26.3.2013   

NL

Publicatieblad van de Europese Unie

L 86/28


UITVOERINGSBESLUIT VAN DE COMMISSIE

van 22 maart 2013

betreffende financiële steun van de Unie voor het jaar 2013 aan de referentielaboratoria van de Europese Unie

(Kennisgeving geschied onder nummer C(2013) 1628)

(Slechts de teksten in de Deense, de Duitse, de Engelse, de Franse, de Italiaanse, de Nederlandse, de Spaanse en de Zweedse taal zijn authentiek)

(2013/155/EU)

DE EUROPESE COMMISSIE,

Gezien het Verdrag betreffende de werking van de Europese Unie,

Gezien Beschikking 2009/470/EG van de Raad van 25 mei 2009 betreffende bepaalde uitgaven op veterinair gebied (1), en met name artikel 31, lid 2,

Gezien Verordening (EG) nr. 882/2004 van het Europees Parlement en de Raad van 29 april 2004 inzake officiële controles op de naleving van de wetgeving inzake diervoeders en levensmiddelen en de voorschriften inzake diergezondheid en dierenwelzijn (2), en met name artikel 32, lid 7,

Overwegende hetgeen volgt:

(1)

Uitvoeringsverordening (EU) nr. 926/2011 van de Commissie van 12 september 2011 ter uitvoering van Beschikking 2009/470/EG van de Raad wat betreft de financiële steun van de Unie aan de referentielaboratoria van de EU voor diervoeders, levensmiddelen en diergezondheid (3) bepaalt dat de financiële steun van de Unie wordt toegekend als de goedgekeurde werkprogramma’s daadwerkelijk zijn uitgevoerd en de begunstigden alle nodige informatie binnen bepaalde termijnen verstrekken.

(2)

De diensten van de Commissie hebben de werkprogramma’s en de bijbehorende begrotingsramingen die in 2012 door de referentielaboratoria van de Europese Unie voor het jaar 2013 zijn ingediend, beoordeeld en goedgekeurd.

(3)

Aangezien de werkprogramma’s sinds 1 januari 2013 worden uitgevoerd, moet dit uitvoeringsbesluit vanaf 1 januari 2013 van toepassing zijn.

(4)

Bijgevolg moet aan de aangewezen referentielaboratoria van de Europese Unie financiële steun van de Unie worden toegekend met het oog op de medefinanciering van hun activiteiten voor het vervullen van de in artikel 32 van Verordening (EG) nr. 882/2004 vastgestelde functies en taken.

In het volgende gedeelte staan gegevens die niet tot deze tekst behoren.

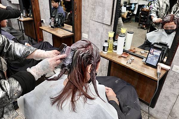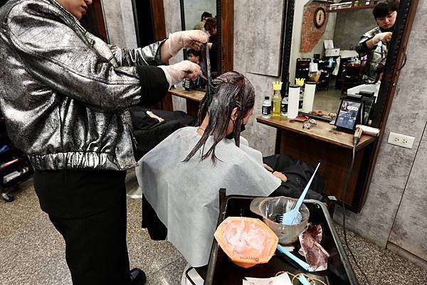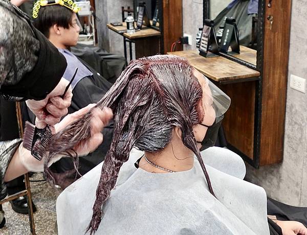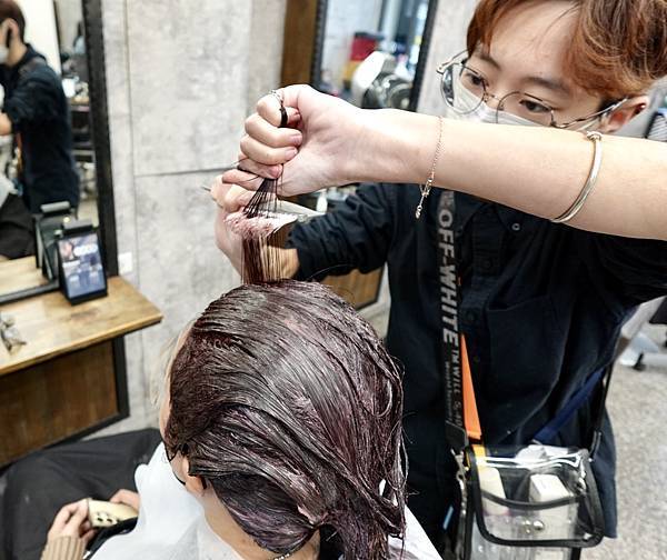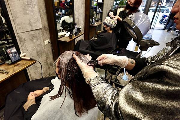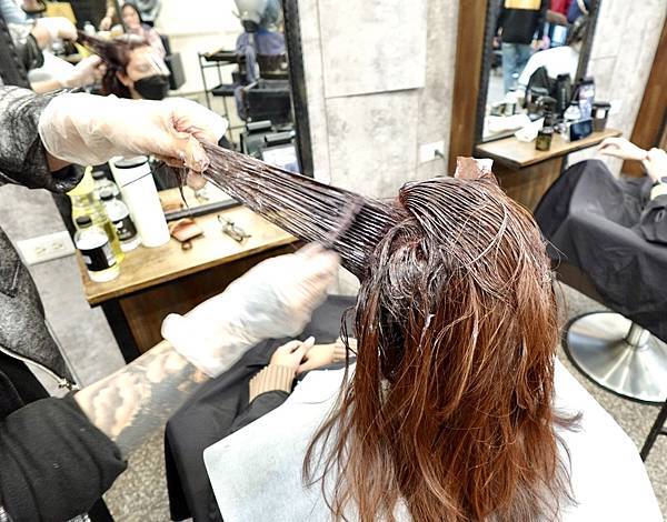 頭頂染完後,設計師幫閨蜜染其他頭髮,設計師設計三種顏色在閨蜜的頭髮上,設計師也跟閨蜜說,我這個特調是親自幫妳調色的,也不會有人的頭髮跟妳顏色一樣,只屬於妳的專屬髮色。

De financiële steun van de Unie moet 100 % bedragen van de subsidiabele kosten zoals gedefinieerd in Uitvoeringsverordening (EU) nr. 926/2011.

(5)

Uitvoeringsverordening (EU) nr. 135/2013 van de Commissie (4) bevat de subsidiabiliteitsregels voor de door de referentielaboratoria van de Europese Unie georganiseerde workshops. Volgens die verordening wordt de financiële steun per workshop beperkt tot maximaal 32 deelnemers, drie gastsprekers en tien vertegenwoordigers van derde landen. Afwijkingen van deze beperking moeten worden toegestaan aan enkele referentielaboratoria van de Europese Unie die met het oog op maximale rentabiliteit van hun workshops steun voor meer dan 32 deelnemers nodig hebben. Afwijkingen kunnen worden toegestaan als een referentielaboratorium van de Europese Unie het leiderschap en de verantwoordelijkheid op zich neemt bij de organisatie van een workshop met een ander referentielaboratorium van de Europese Unie.

(6)

Voor de zes referentielaboratoria van de Europese Unie die onder het Gemeenschappelijk Centrum voor onderzoek vallen, wordt de relatie vastgelegd in een jaarlijkse administratieve regeling, ondersteund door een werkprogramma en bijbehorende begroting, aangezien het Gemeenschappelijk Centrum voor onderzoek en directoraat-generaal Gezondheid en Consumenten beide diensten van de Commissie zijn.

(7)

Overeenkomstig artikel 3, lid 2, onder a), van Verordening (EG) nr. 1290/2005 van de Raad van 21 juni 2005 betreffende de financiering van het gemeenschappelijk landbouwbeleid (5) moeten programma’s om dierziekten uit te roeien of te bewaken (veterinaire maatregelen) worden gefinancierd uit het Europees Landbouwgarantiefonds (ELGF). Voorts bepaalt artikel 13, tweede alinea, van die verordening dat, voor onder Beschikking 90/424/EEG van de Raad van 26 juni 1990 betreffende bepaalde uitgaven op veterinair gebied (6) vallende maatregelen en programma’s, in deugdelijk gemotiveerde uitzonderingsgevallen de door lidstaten en begunstigden van steun uit het ELGF verrichte uitgaven voor administratieve en personeelskosten door het ELGF worden gefinancierd. Met het oog op de financiële controles zijn de artikelen 9, 36 en 37 van Verordening (EG) nr. 1290/2005 van toepassing.

(8)

De in dit besluit vervatte maatregelen zijn in overeenstemming met het advies van het Permanent Comité voor de voedselketen en de diergezondheid,

HEEFT HET VOLGENDE BESLUIT VASTGESTELD:

Artikel 1

De Unie verleent financiële steun aan het Laboratoire de sécurité des aliments (LSA) van het Agence nationale de sécurité sanitaire de l’alimentation, de l’environnement et du travail (ANSES) in Maisons-Alfort, Frankrijk, voor de volgende activiteiten tijdens de periode van 1 januari 2013 tot en met 31 december 2013:

a)

voor analysen en tests van melk en melkproducten bedraagt die financiële steun maximaal 358 000 EUR;

b)

voor analysen en tests van Listeria monocytogenes bedraagt die financiële steun maximaal 440 000 EUR;

c)

voor analysen en tests van coagulasepositieve stafylokokken bedraagt die financiële steun maximaal 347 000 EUR.

Artikel 2

De Unie verleent financiële steun aan het Rijksinstituut voor Volksgezondheid en Milieu (RIVM) in Bilthoven, Nederland, voor analysen en tests van zoönosen (salmonella).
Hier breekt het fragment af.